We'll never know. Holder Jared Leet mishandled the snap. Missouri took over at its own 48. Eleven plays produced a Tigers touchdown and a 17-10 Mizzou lead.

Third quarter, 17-10 home team, UK's Landon Foster boomed a 55-yard punt to the Missouri 30, where Marcus Murphy returned it 6 yards to the 36. Only Missouri was called for running into the kicker, turning a fourth-and-7 into a fourth-and-2 at the UK 20.

Do you decline the penalty and take a net punt of 49 yards? Or do you re-kick in hopes that having already muffed two punts, Missouri might do that again?

"The guy had put the ball on the ground a couple of times," Phillips said. "We've got a good pretty good punter. We wanted to take a chance again."

Foster's second punt went just 39 yards and was returned 12 to the UK 47, a gain of 17 yards with the re-kick. The Tigers' offense moved close enough to kick a 34-yard field goal for a 20-10 lead.

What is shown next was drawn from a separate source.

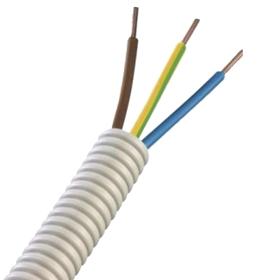 Voorbedrade flexibele buis van 16mm. Voorzien van 3 aders met een doorsnede van 2,5mm²

Fourth quarter, Missouri up 26-10. It's pretty much a lost cause. Still, there was a short pass from Whitlow to Raymond Sanders that turned into a called fumble. Missouri's E.J. Gaines scooped it up and carried 13 yards for a touchdown with 8:09 left.

Live, the fumble ruling looked debatable at best. You thought Phillips would challenge the call, or at least call a timeout to give the replay official more time to take a few more looks. He did neither.

"They had plenty of time to see it," Phillips said. "When I saw it, it's a fumble. I'm not going to challenge a play that looks like a fumble to me."

At that time, however, what would it have hurt to challenge?

Second-guessing? Of course. Nit-picking? Maybe. But when you're a young team playing with a small margin for error, every decision is magnified, every wrong move criticized.

One notion appeared more than hindsight, however. It was easy to see in the clear Missouri sunshine that with a few right moves UK could have taken advantage of a golden opportunity.